Он заказал два коктейля покрепче, соленых орешков и с блаженным видом погрузился в мягкое кресло за столиком возле окна. Будучи закоренелым холостяком, он никогда не отказывал себе в удовольствии понаблюдать за представителями слабой половины человечества. Весна уже давно вступила в свои права, и одеяния девушек стали столь откровенно соблазнительными, что не могли не греть его мужскую душу фривольными мечтаниями; естественно, вкупе с коктейлем.
Глеб не был женоненавистником, отнюдь. Как практически любой нормальный мужчина его возраста (ему недавно минуло тридцать) Тихомиров-младший имел несколько пассий, которые скрашивали ему вечера, а иногда и ночи. К сожалению, их приходилось чересчур часто менять. И совсем не потому, что Глеб был ветреным малым или, тем более, искусителем типа Казановы.
Просто по истечении некоторого времени его подружкам вдруг становилось просто-таки невмоготу общаться с Глебом без соответствующего статуса, и они начинали настаивать на походе в ЗАГС, чтобы сделать отметку в паспорте. Вольнолюбивая натура Глеба начинала бунтовать, он быстренько придумывал какой-нибудь скандальчик, и обиженная в своих лучших чувствах девушка уходила, громко хлопнув дверью.
Конечно, на следующий день (или спустя неделю) она пыталась вернуться под крылышко весьма обаятельного (и вдобавок, не бедного) молодого мужчины, но поезд уже проехал нужную остановку, а кондуктор даже в мыслях не держал возможность нажать на стоп-кран.
Отец брюзжал: «Имей совесть, женись. Пожалей старика, дай понянчить внуков пока в состоянии. И потом, кто продолжит наше дело? Вымрем как два мамонта…»
На что Глеб отвечал: «И как ты представляешь мое сосуществование с молодой женой? Я ведь отсутствую дома по пять-шесть месяцев в году. А без „поля“, сам понимаешь, мне не жизнь. Какая женщина согласится быть при живом и здоровом муже едва не соломенной вдовой? Она или заведет себе любовника, или сбежит от меня при первой возможности… с твоими внуками».

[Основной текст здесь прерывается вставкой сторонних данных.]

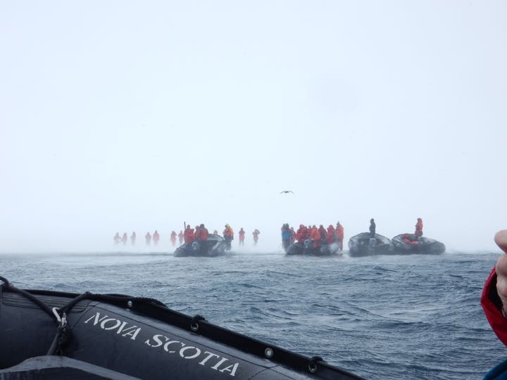 Zodiacs landing on fast ice near Snow Hill Island

«Но когда-то же все равно надо…»
«Кто спорит. Надо. Но это не к спеху. И потом, ты еще не настолько стар и немощен, чтобы плести себе лапти. Успеешь еще с внуками повозиться. Между прочим, как говорится, чья бы мычала. Сам ты вон сколько лет бобылем ходишь. И женщины хорошие у тебя есть на примете, я ведь знаю. Почему тогда не женишься? В доме нужна хозяйка, живем как в монастыре… Что молчишь, батя, сказать нечего? То-то…»
Дождь так и не начался. Гроза прошла стороной, лишь ветер немного накуролесил, обломав несколько веток и разбросав мусор по тротуару и мостовой Глеб уже допивал второй стакан, когда его внимание привлекла высокая стройная девушка, дожидавшаяся на остановке очередного троллейбуса.
Видимо, ветер где-то замкнул провода, потому что троллейбусы не ходили, и от этого она нервничала, что было понятно по ее мимике. Стоянка находилась как раз напротив кафе-бара, и Глеб мог рассмотреть понравившуюся ему девушку во всех подробностях. Она имела отменную спортивную фигуру, крепкие мускулистые ноги и загорелое (нет, скорее обветренное), весьма симпатичное лицо. Судя по нему, Глеб мог побиться об заклад, что девушка явно не принадлежит к офисному «планктону», просиживающему весь день в какой-нибудь конторе за компьютером.
Он не успел как следует разобраться в своих мыслях и предположениях, потому что события на остановке вдруг приобрели неожиданный поворот. Едва Глеб отметил, что за девушкой наблюдает не только он, но еще и шустрый малый явно подозрительной наружности, тоже дожидавшийся троллейбуса, как тот подскочил к девушке, вырвал из ее рук пластиковый пакет и бросился наутек.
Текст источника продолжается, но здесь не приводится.